BEGIN INPUT RECORDS
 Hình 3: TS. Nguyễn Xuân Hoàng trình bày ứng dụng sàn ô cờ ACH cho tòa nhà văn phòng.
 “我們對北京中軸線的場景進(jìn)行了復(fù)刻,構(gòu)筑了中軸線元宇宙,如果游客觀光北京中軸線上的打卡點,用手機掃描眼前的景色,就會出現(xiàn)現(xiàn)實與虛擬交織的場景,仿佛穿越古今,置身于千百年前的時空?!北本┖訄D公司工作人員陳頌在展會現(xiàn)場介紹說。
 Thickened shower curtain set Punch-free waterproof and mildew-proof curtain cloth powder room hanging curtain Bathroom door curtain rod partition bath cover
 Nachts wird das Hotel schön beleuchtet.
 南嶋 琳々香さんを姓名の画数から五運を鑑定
END INPUT RECORDS
BEGIN INPUT RECORDS
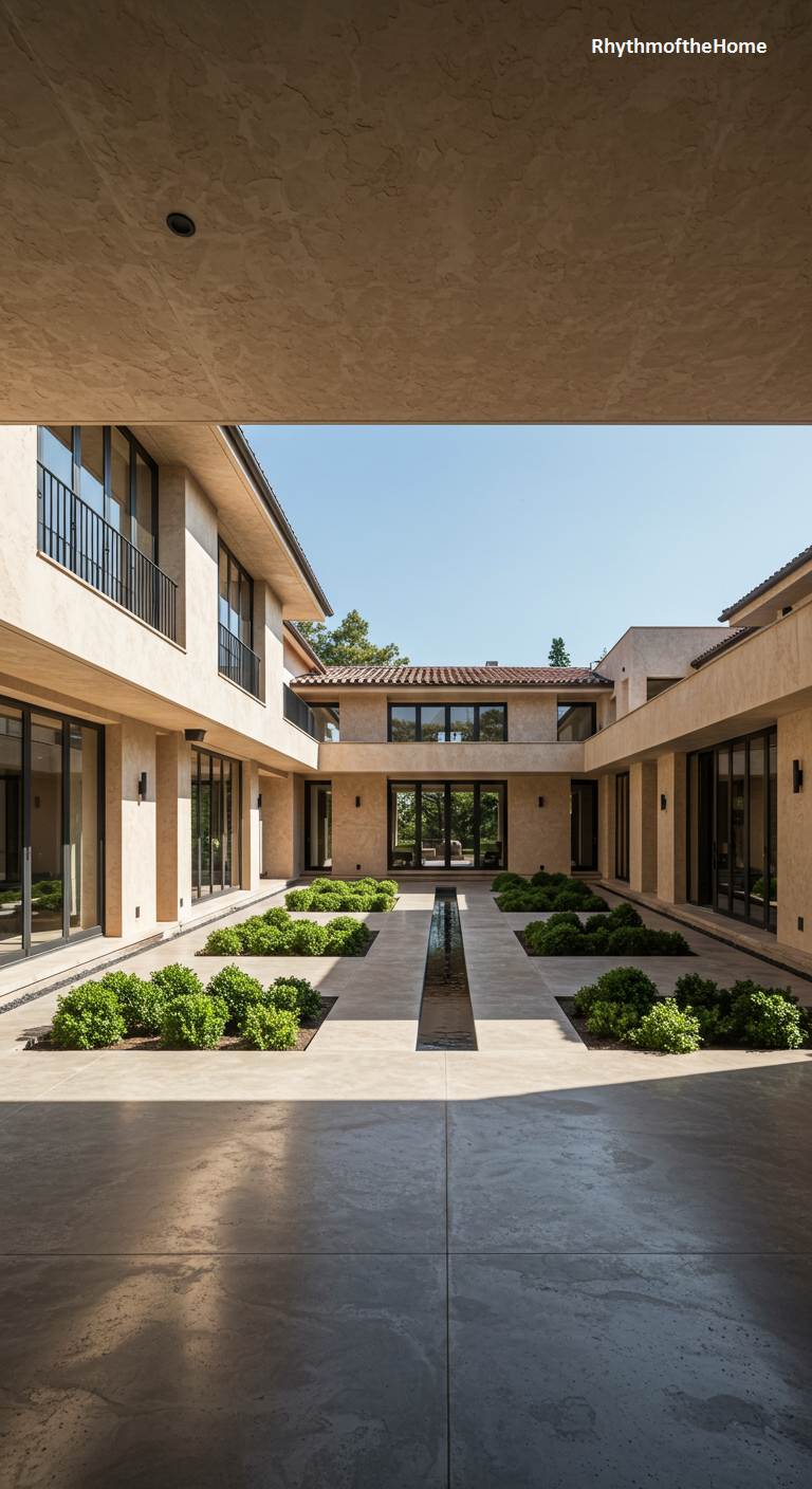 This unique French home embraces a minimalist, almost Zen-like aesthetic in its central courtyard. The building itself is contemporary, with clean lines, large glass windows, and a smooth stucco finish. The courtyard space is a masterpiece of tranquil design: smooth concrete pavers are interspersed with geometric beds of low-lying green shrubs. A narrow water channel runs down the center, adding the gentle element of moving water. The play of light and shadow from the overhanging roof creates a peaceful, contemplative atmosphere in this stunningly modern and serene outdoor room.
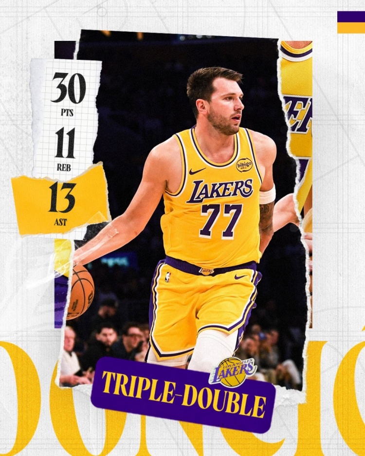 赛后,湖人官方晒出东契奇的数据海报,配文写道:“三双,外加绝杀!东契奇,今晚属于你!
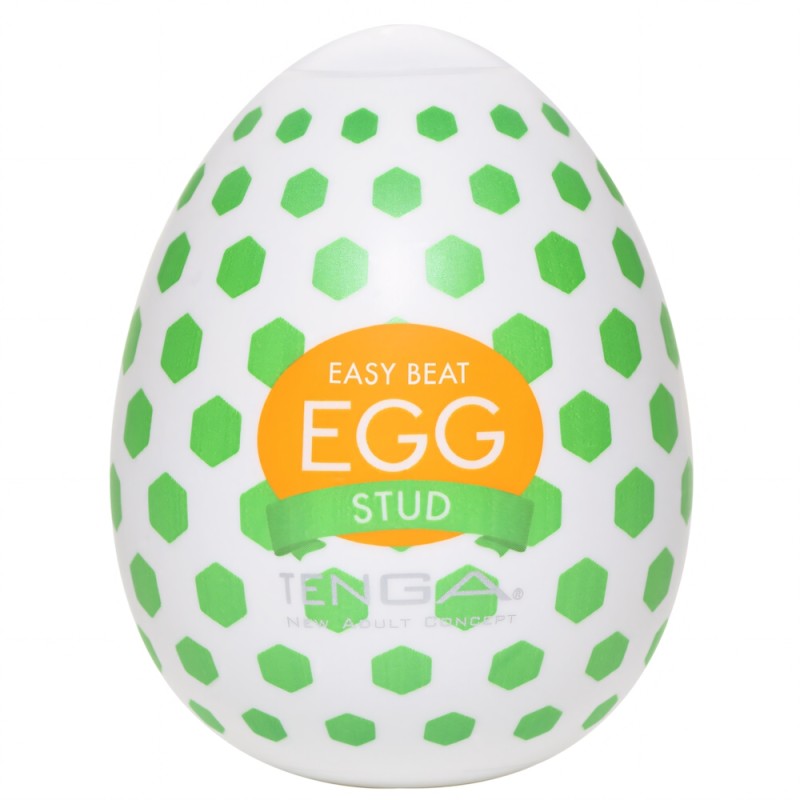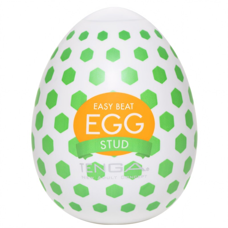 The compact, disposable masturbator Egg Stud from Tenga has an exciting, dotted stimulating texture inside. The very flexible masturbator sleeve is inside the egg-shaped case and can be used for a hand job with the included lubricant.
END INPUT RECORDS
**ACTIVITY:** From the material above, retype precisely the lines between the line holding "Hình 3: TS." and the line holding "南嶋 琳々香さんを姓名の画数から五運を鑑定", inclusive, and nothing beyond them.

**ANSWER AREA:**
 Hình 3: TS. Nguyễn Xuân Hoàng trình bày ứng dụng sàn ô cờ ACH cho tòa nhà văn phòng.
 “我們對北京中軸線的場景進(jìn)行了復(fù)刻,構(gòu)筑了中軸線元宇宙,如果游客觀光北京中軸線上的打卡點,用手機掃描眼前的景色,就會出現(xiàn)現(xiàn)實與虛擬交織的場景,仿佛穿越古今,置身于千百年前的時空?!北本┖訄D公司工作人員陳頌在展會現(xiàn)場介紹說。
 Thickened shower curtain set Punch-free waterproof and mildew-proof curtain cloth powder room hanging curtain Bathroom door curtain rod partition bath cover
 Nachts wird das Hotel schön beleuchtet.
 南嶋 琳々香さんを姓名の画数から五運を鑑定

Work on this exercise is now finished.